軽貨物ドライバーとして業務委託で働き始めたばかりの時期、誰もが直面するのが「時間内に配りきれない」「思ったように配達スピードが上がらない」という壁です。
ベテランのドライバーがスイスイと大量の荷物を配り終えて早く帰る姿を見て、自分と何が違うのだろうと悩んだことはありませんか?
たくさん稼いでいるプロのドライバーには、必ず共通する特徴があります。それは、1日の中で発生する「小さな無駄」を徹底的に省いていることです。
1件あたりの配達でわずか10秒〜20秒の無駄を省くだけでも、1日100件〜150件を配る軽貨物では、トータルで数十分から1時間以上の大きな時間差(売上の差)となって現れます。
今回は、未経験者から現役ドライバーまで知っておきたい、配達スピードを劇的に上げるための「積み込みのコツ」や「効率よく回る配送テクニック」、そして「不在ロスを防ぐためのコミュニケーション術」を実務目線で徹底的に解説します。
編集チームでは、配達スピードを上げるコツを「急いで走ること」ではなく、「無駄な動作を減らすこと」だと考えています。
軽貨物ドライバーは、1日に何十件、多い日には100件以上の荷物を配ります。そのため、1件あたり10秒の差でも、1日全体では大きな時間差になります。ただし、焦ってスピードを上げようとすると、誤配・荷物破損・事故・クレームにつながる危険があります。
本当に早いドライバーは、運転を荒くするのではなく、積み込み、荷物の探し方、ルート設計、降車後の動き、不在対応を整えています。
この記事では、軽貨物の配達スピードを安全に上げるための実践ポイントを、現場目線で解説します。
- 時間ロスを積み込み・移動・現場動作に分解する
- 安全と配送品質を崩さず、繰り返し作業を整える
- 1日の実績を振り返り、次回に直す箇所を一つに絞る
なぜ配達が遅くなるのか?初心者が陥りがちな「時間ロスの原因」

配達が遅くなってしまう原因は、運転のスピードが遅いからではありません。スピードが出ない最大の要因は、配送そのもの以外の時間(荷物を探す時間、ルートを迷う時間、不在対応の手間)にあります。
特に初心者が陥りやすい原因を整理しました。
- 荷室が整理されておらず、お届け先の手前で毎回お目当ての荷物を探す「宝探し状態」になっている
- 配送ルートが場当たり的で、同じ地域を何度も行き来する無駄な往復が発生している
- ナビアプリの指示通りにしか走れず、一方通行や狭い路地の多いエリアでタイムロスしている
- 不在による持ち帰りが多く、1件あたりにかける時間が長すぎる
これらの原因を一つずつ潰していくことこそが、最も確実なスピードアップへのアプローチです。
軽貨物初心者が配達スピードを上げるには、いきなり上級者の真似をするより、まず基本的な無駄を減らすことが大切です。特に次の3つは、すぐに見直せるポイントです。
1. 荷物を探す時間
配達先に着いてから荷室を開け、毎回荷物を探している状態では、どれだけ運転を急いでも時間は短縮できません。出発前の積み込みで、エリア別・配達順・時間指定別に大まかに分けておくことが重要です。

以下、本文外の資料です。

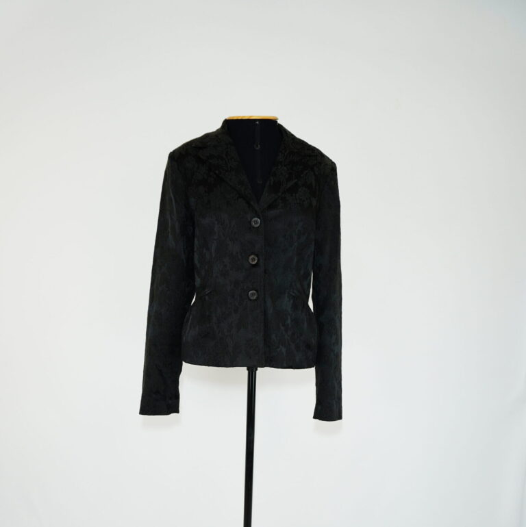 agosto 22, 2025 by Michelle Araujo Leia Mais...Blazer preto de jacquard com ombreiras

荷物を探す時間を減らせば、1件あたりの配達時間は大きく短くなります。
2. 同じ道を何度も走る無駄
ルートを考えずに近い順だけで配ると、同じエリアを何度も行き来してしまうことがあります。時間指定の荷物を軸にしながら、エリアごとにまとめて回る意識を持ちましょう。
同じ住宅街を何度も往復しないだけで、移動時間と燃料代を減らせます。
3. 車を降りてからの動作の無駄
荷物、端末、ペン、伝票、スマホなどを車内で探している時間もロスになります。停車前に次の荷物と必要な道具を手元にそろえ、車を降りたら迷わずインターホンまで向かえる状態を作りましょう。
早いドライバーほど、車を降りてから戻るまでの動作がシンプルです。
案件や配送形態の違いを先に整理する場合は、軽貨物「仕事の種類」【軽貨物ドライバーの種類】日極や個建もこれで変わりますをご覧ください。
配達スピードは、走行速度だけで決まりません。荷物を探す時間、停車位置を迷う時間、端末操作をやり直す時間が積み重なります。危険を増やさず削れる「探す・歩く・入力する」のロスから見直すと改善しやすくなります。
配達件数を増やすには走行速度を上げるべき?
速度を上げる前に、積み込み、停車、荷物検索、端末操作の無駄を減らします。安全運転や時間指定を崩す方法は、事故・クレーム・未配につながるため効率化に含めません。
積み込みを改善するときは、荷室をきれいに見せることより、次に届ける荷物へ迷わず手が届くことを重視してください。時間指定品、エリアのまとまり、大型で崩れやすい荷物を先に区分し、住所順に並べても取り出しにくいなら配置を変えます。翌日の荷量が違っても再現できるよう、区画名を決めて写真やメモで残すと改善が続きます。
配達効率の8割を決める「荷室の積み込み・仕分け」の鉄則

早く配るための準備は、出発前の営業所(デポ)での積み込み段階から始まっています。荷室の整理整頓は、配達スピードに最も直結する要素です。
配送ルート順(エリア順)に手前から積む
基本中の基本ですが、最初に配達するエリアの荷物を手前(または取り出しやすいハッチバック、サイドスライドドア付近)に配置し、後半に配る荷物を荷室の奥へと積んでいきます。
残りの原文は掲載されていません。